Dysarthria is a neurological speech disorder that affects the clarity and intelligibility of spoken language, often resulting from conditions such as stroke, ALS, Parkinson’s disease, or cerebral palsy. Individuals with dysarthria experience slurred or slowed speech, making verbal communication difficult and impacting quality of life.
While augmentative and alternative communication (AAC) devices can assist, they often require fine motor control and offer much slower communication rates compared to natural speech. As digital voice interfaces become more central to everyday interactions, there is a growing need for speech recognition systems that can accurately interpret dysarthric speech and bridge this accessibility gap.
This technology introduces a personalized automatic speech recognition (ASR) system specifically designed for individuals with severe dysarthria. The core model is built using a uniquely large dataset comprising over 50 hours of speech from a single speaker with dysarthria, totaling more than 40,000 words and 187,000 phonemes.

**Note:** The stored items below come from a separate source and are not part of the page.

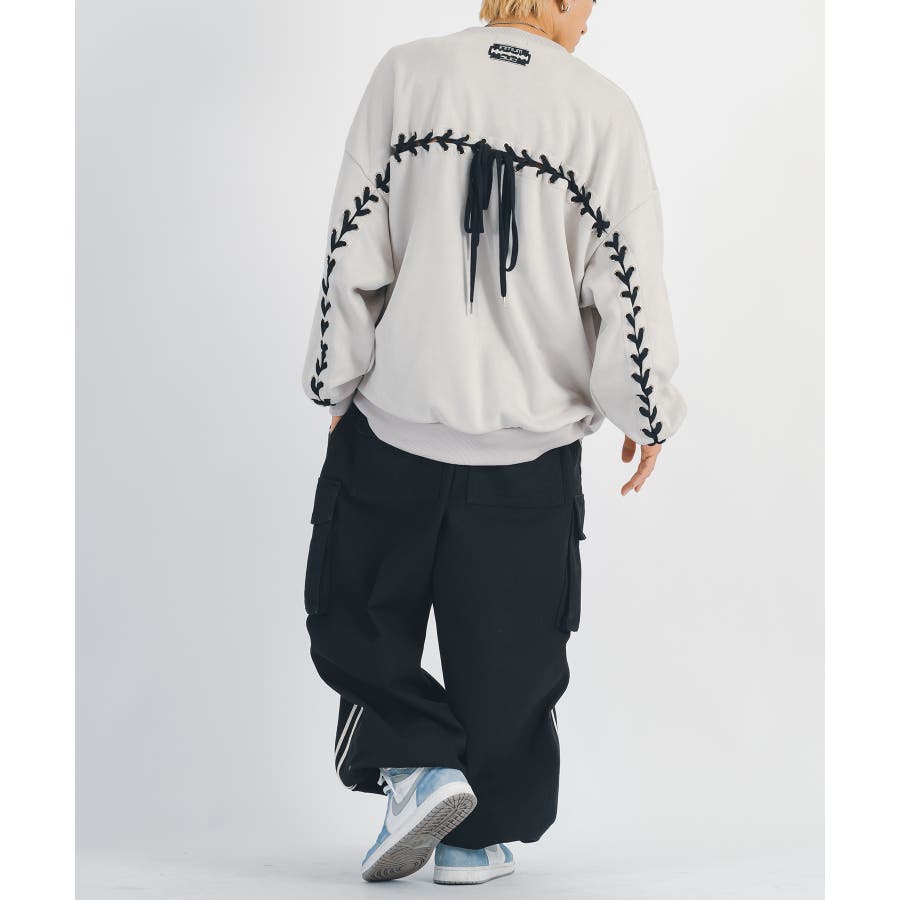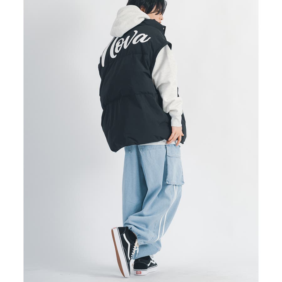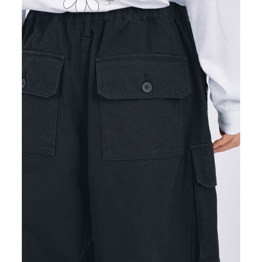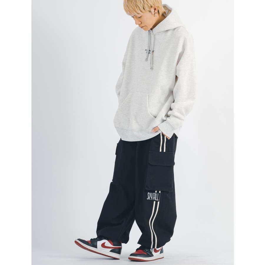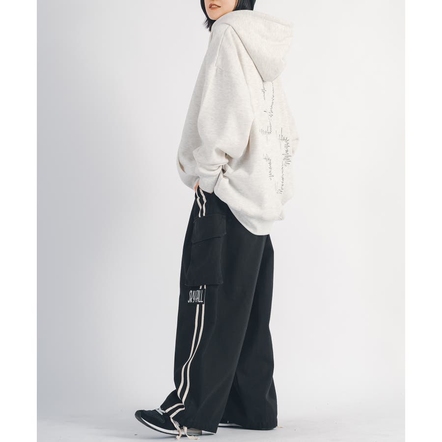 太腿から膝にかけて緩く、裾を絞った提灯型のシルエットはよりワイド感がクールなデザイン。カーゴポケットを配置しワーク感も演出しつつ、サイドはテープによる2本ラインがアクセント。ウエストシャーリングと裾にもドローコードを備えたイージー仕様で女性でも履ける。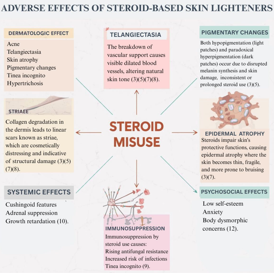 Table 1 summarizes key dermatological and systemic complications associated with chronic misuse of topical corticosteroids. Figure 1 summarizes adverse effects of steroid-based skin lighteners.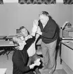 I fritidslokalerna i posthusets femte våning är överpostiljon Folke Strandner, t.h., lärare. I lektionssalen finns fack för fingerade brevbäringsdistrikt, där finns försändelser av olika slag, fastighetsböcker och blanketter, som eleverna får öva med.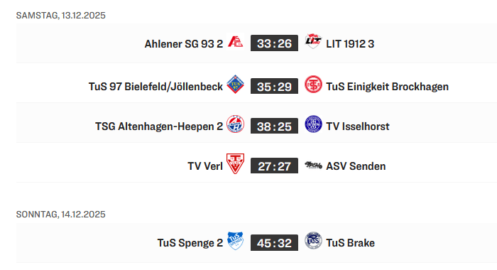 TuS Einigkeit Brockhagen TuS Einigkeit Brockhagen | 11 | 4-2-5 4 | 2 | 5 | 309:325 | -16 | 10 | |

The system employs hidden Markov models with extended state durations to capture the distinct acoustic characteristics of dysarthric speech and can be further enhanced using Gaussian Mixture Models, Deep Neural Networks, or Long Short-Term Memory architectures.
It is implemented in C++ using the Kaldi ASR toolkit and is deployable as a standalone application, web service, or embedded component across platforms. The system can be personalized with minimal user data, achieving over 85 percent word recognition accuracy, even in cases of low intelligibility.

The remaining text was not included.